In the visual arts, I’ve been frequenting contemporary art exhibitions over the years and have seen the growingly esoteric nature of gallery spaces unwilling to engage with audiences outside the personal networks of the artists. Much video performance seems self-obsessed and without any enduring value beyond a frisson of creative freedom.


It’s worth rethinking ‘creative freedom’. The knowledge class has been lauded as a vanguard of liberalisation and development. Richard Florida heralded the arrival of ‘creatives’, who consist of a mix of artists and design and media professionals. Following on from the radical politics of university students, this class cultivates a responsible awareness of other interests, including colonised peoples, non-binary genders and non-humans.

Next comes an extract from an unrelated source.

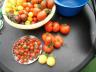 Die erste Mandarin, oben links in der Schüssel, darunter orange Banana, neben der Mandarin liegt Banana Legs, daneben grüne Würstchen, daneben Schwarze Pflaume, darunter die ersten reifen Renas Turban. Black Cherrys auch ein paar und unmengen der kleinwüchsigen Sorten wie Minibel, Micro Tom, Minigold, viele Vesennij Miecheurinski, Pendulina, Zuckerbusch, Tomaccio usw.

But this plurality of interests often retreats from social justice as a collective endeavour. Recently, Thomas Piketty critiqued those who focus on cultural diversity rather than progressive taxation:

…western democracies are now dominated by two rival elites, reflected in many two-party electoral systems: a financial elite (or ‘merchant right’) that favours open markets, and an educational elite (or ‘Brahmin left’) that stands for cultural diversity, but has lost faith in progressive taxation as a basis for social justice. With these as the principal democratic options, nativist parties prosper, opposing educational and economic inequality, but only on the basis of tighter national borders. There is a vacancy for parties willing to defend internationalism and redistribution simultaneously.

Also from the left corner, Asad Haider in Mistaken Identity: Race and Class in the Age of Trump invoked Malcolm X in championing collective struggle above sectional politics: ‘The framework of identity reduces politics to who you are as an individual and to gaining recognition as an individual, rather than your membership in a collectivity and the collective struggle against an oppressive social structure’.

I would slightly disagree: there are forms of solidarity in identity politics that transcend the individual, such as diversity initiatives now prevalent in institutions and corporations. Nonetheless, these do not cohere around a general ideology of liberation as might be found in socialism.

Locally, the swap of political allegiance between tradies to the right and professionals to the left has become a refrain of Guy Rundle’s Crikey columns. In his overview of the first twenty years of the millennium, Rundle opined that the knowledge class:

had become blind to the degree that it was an advancement of their own knowledge class interests, disguised as the old general interest of humanity that the socialist movement was once held to represent.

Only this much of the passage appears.